*WHAT IS BEING ASKED*:
In the data below, set down exactly the lines from the one containing "استعلام MOOG VGV CONTROLLER, استعلام" up to and including the one containing "The Transnationalisms conference". Leave the pictures out.

*DATA PROVIDED*:

________________________________________

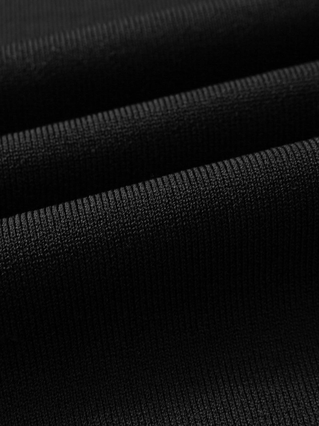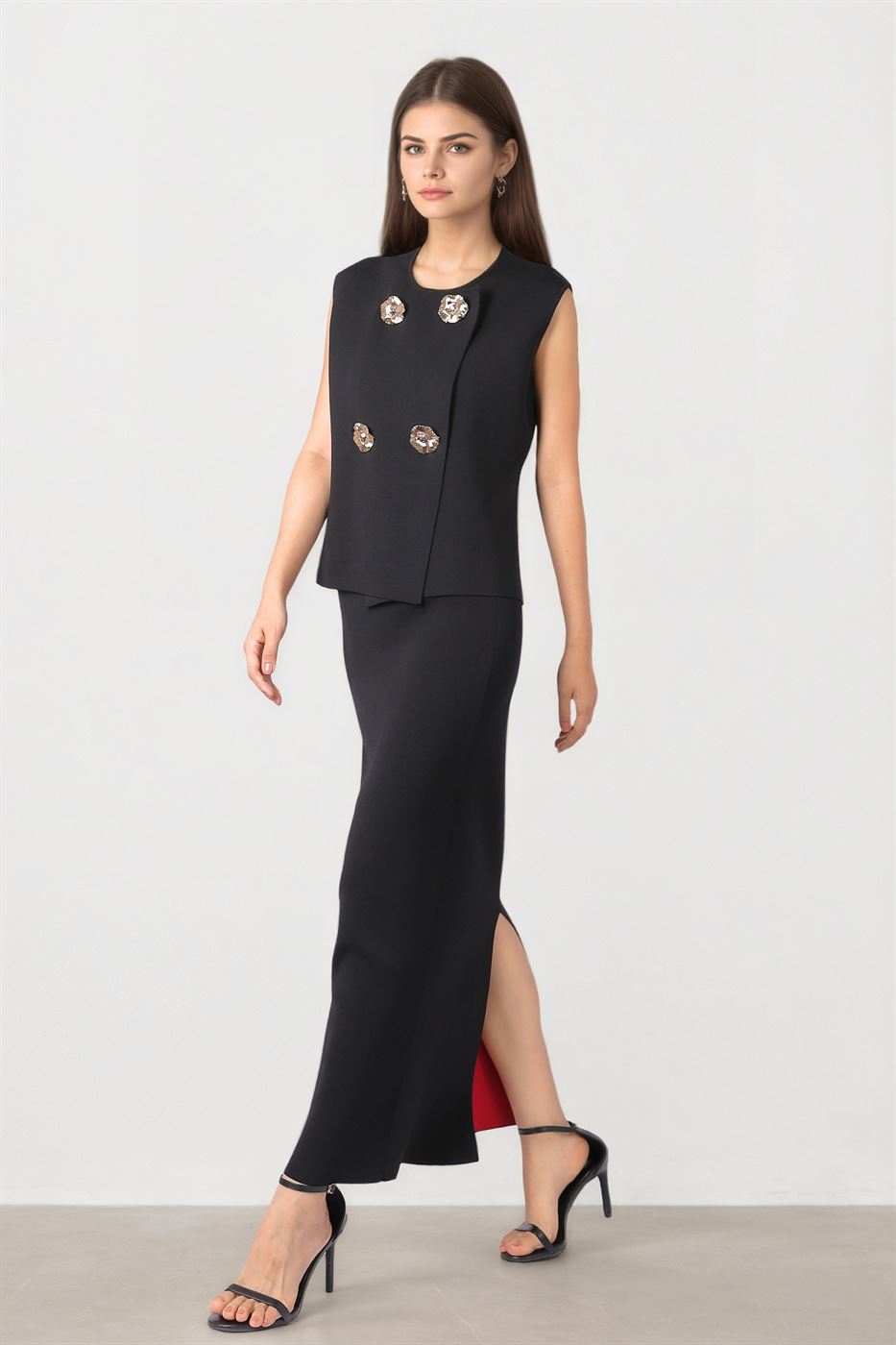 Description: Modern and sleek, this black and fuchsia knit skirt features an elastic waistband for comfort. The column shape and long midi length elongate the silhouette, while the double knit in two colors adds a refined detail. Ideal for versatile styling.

________________________________________

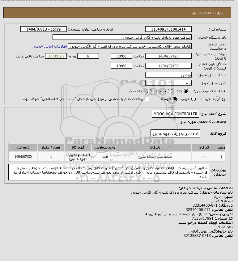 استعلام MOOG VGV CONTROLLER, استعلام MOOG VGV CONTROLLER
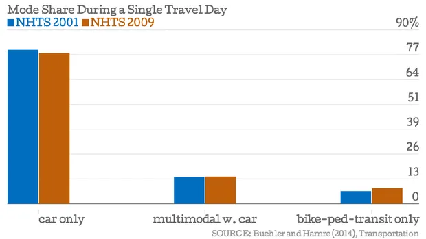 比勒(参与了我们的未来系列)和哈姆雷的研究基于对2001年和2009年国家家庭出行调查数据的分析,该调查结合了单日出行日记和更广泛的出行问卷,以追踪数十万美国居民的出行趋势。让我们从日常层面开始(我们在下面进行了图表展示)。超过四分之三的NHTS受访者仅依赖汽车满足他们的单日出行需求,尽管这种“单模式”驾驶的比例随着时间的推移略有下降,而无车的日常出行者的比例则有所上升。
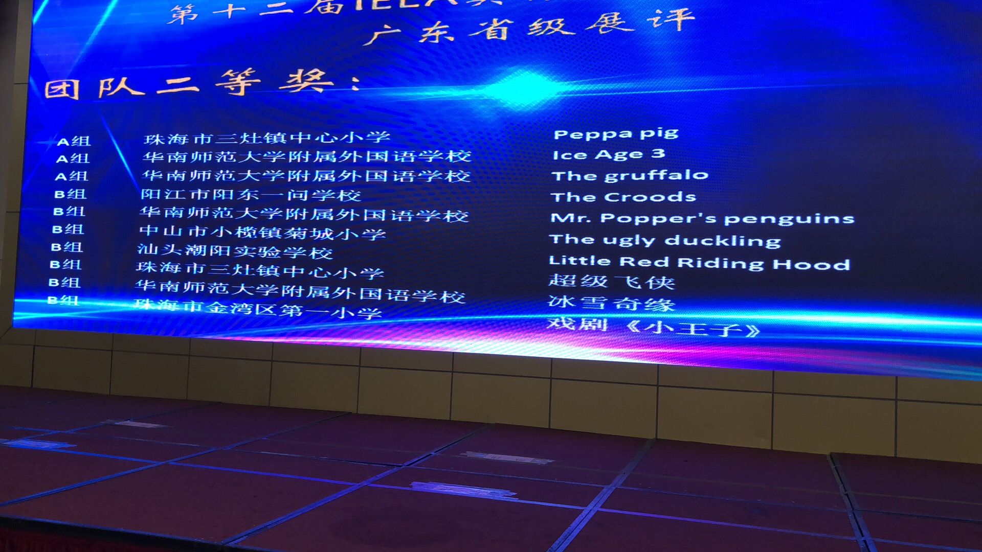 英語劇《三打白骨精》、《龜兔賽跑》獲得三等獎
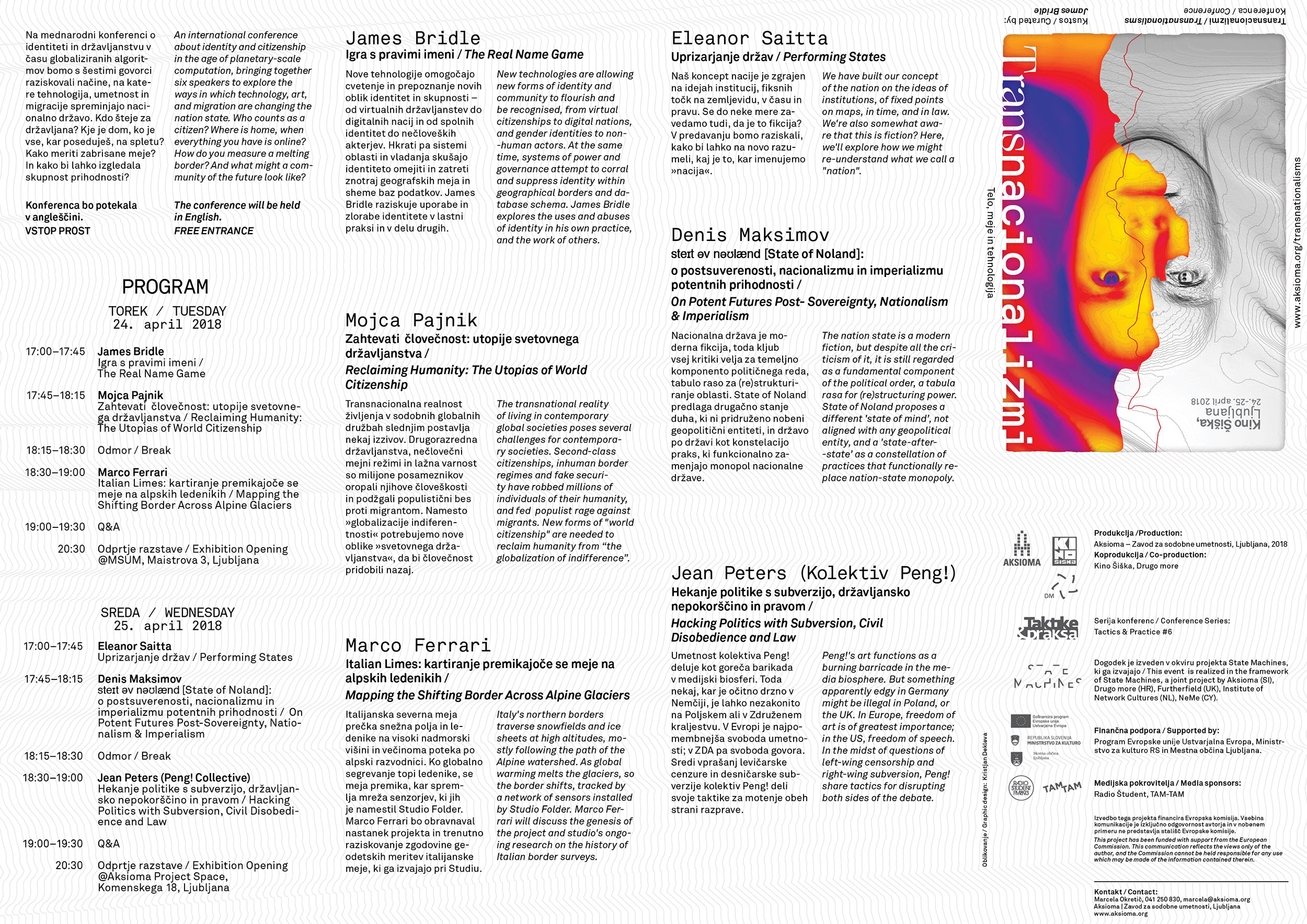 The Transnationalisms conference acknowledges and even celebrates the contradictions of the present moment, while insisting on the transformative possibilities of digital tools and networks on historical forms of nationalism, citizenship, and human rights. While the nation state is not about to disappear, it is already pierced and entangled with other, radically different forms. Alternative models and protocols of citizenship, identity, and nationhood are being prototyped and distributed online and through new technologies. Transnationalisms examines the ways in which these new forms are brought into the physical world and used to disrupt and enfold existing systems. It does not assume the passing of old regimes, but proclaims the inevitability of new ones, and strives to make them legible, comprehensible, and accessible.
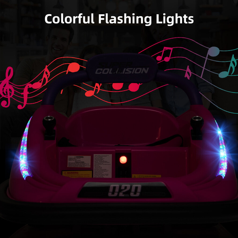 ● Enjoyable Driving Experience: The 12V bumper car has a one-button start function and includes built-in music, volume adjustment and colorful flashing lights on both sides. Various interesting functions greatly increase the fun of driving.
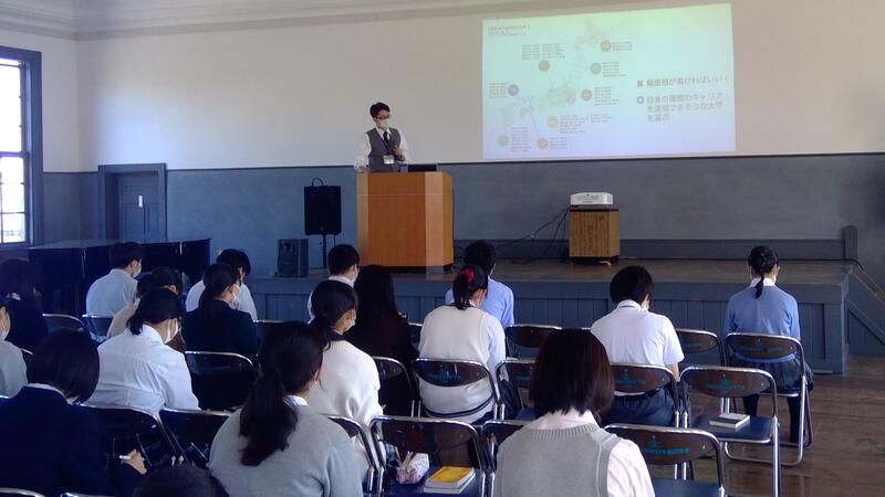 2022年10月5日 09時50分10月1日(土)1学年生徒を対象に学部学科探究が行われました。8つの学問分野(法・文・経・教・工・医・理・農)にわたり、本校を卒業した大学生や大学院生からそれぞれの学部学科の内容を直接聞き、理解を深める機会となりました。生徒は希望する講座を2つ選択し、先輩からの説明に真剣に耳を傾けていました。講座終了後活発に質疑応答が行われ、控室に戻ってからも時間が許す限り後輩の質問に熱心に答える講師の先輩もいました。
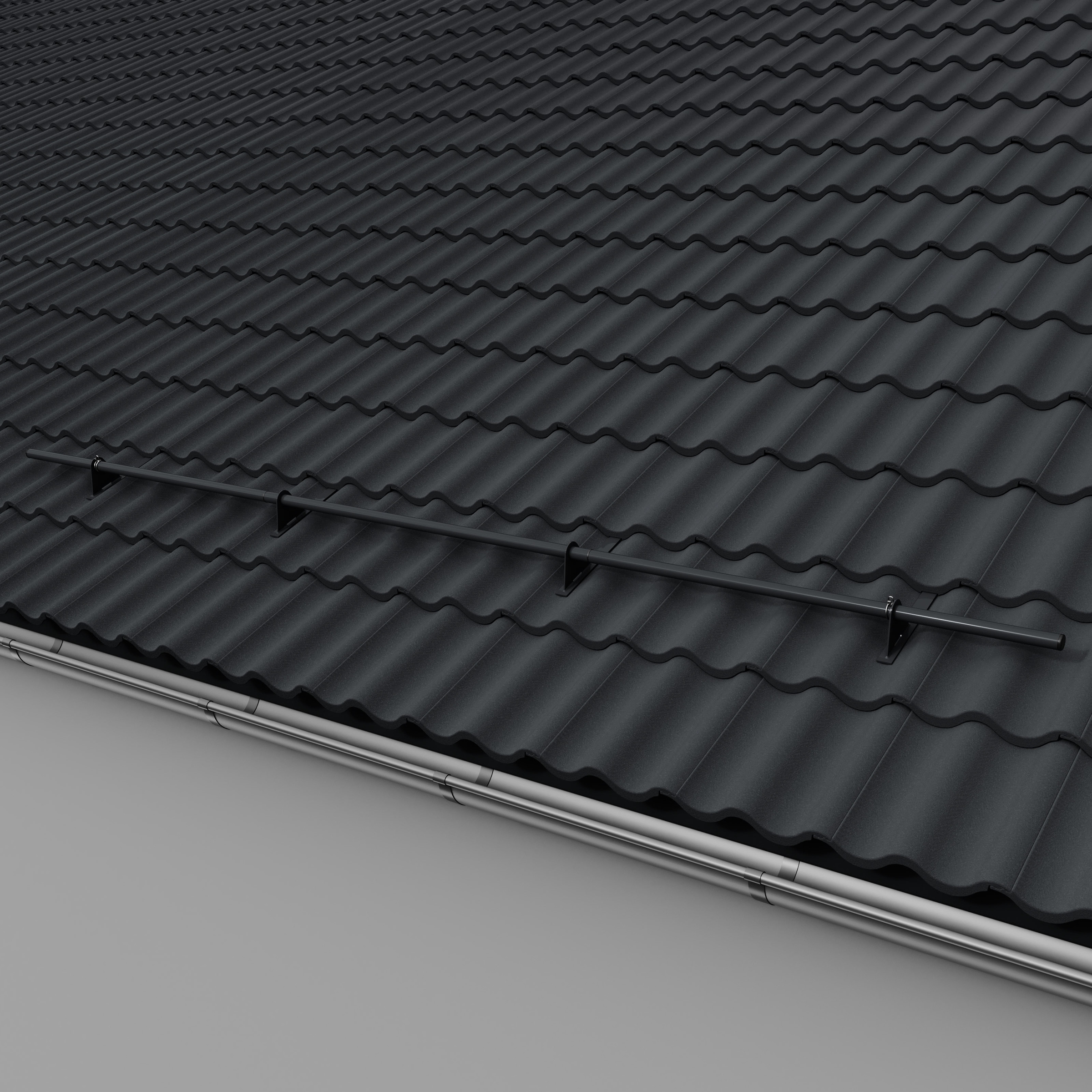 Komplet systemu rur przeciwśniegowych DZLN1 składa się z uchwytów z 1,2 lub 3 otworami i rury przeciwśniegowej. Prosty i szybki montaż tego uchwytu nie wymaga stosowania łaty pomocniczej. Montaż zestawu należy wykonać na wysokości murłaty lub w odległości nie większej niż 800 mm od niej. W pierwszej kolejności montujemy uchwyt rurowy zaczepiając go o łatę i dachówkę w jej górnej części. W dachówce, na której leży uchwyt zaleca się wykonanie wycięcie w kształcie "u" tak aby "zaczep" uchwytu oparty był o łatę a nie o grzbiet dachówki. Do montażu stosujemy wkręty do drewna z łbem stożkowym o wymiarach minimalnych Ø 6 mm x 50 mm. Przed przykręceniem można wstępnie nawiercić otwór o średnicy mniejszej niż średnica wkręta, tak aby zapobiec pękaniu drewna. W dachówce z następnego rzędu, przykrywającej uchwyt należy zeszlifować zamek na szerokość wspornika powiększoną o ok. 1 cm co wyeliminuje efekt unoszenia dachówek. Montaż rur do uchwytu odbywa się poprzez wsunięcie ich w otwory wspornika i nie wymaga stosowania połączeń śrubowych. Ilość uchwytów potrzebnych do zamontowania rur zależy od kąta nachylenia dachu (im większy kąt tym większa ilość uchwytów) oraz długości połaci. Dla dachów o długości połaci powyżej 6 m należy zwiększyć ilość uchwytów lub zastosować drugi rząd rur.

________________________________________

*RESULT*:
 استعلام MOOG VGV CONTROLLER, استعلام MOOG VGV CONTROLLER
 比勒(参与了我们的未来系列)和哈姆雷的研究基于对2001年和2009年国家家庭出行调查数据的分析,该调查结合了单日出行日记和更广泛的出行问卷,以追踪数十万美国居民的出行趋势。让我们从日常层面开始(我们在下面进行了图表展示)。超过四分之三的NHTS受访者仅依赖汽车满足他们的单日出行需求,尽管这种“单模式”驾驶的比例随着时间的推移略有下降,而无车的日常出行者的比例则有所上升。
 英語劇《三打白骨精》、《龜兔賽跑》獲得三等獎
 The Transnationalisms conference acknowledges and even celebrates the contradictions of the present moment, while insisting on the transformative possibilities of digital tools and networks on historical forms of nationalism, citizenship, and human rights. While the nation state is not about to disappear, it is already pierced and entangled with other, radically different forms. Alternative models and protocols of citizenship, identity, and nationhood are being prototyped and distributed online and through new technologies. Transnationalisms examines the ways in which these new forms are brought into the physical world and used to disrupt and enfold existing systems. It does not assume the passing of old regimes, but proclaims the inevitability of new ones, and strives to make them legible, comprehensible, and accessible.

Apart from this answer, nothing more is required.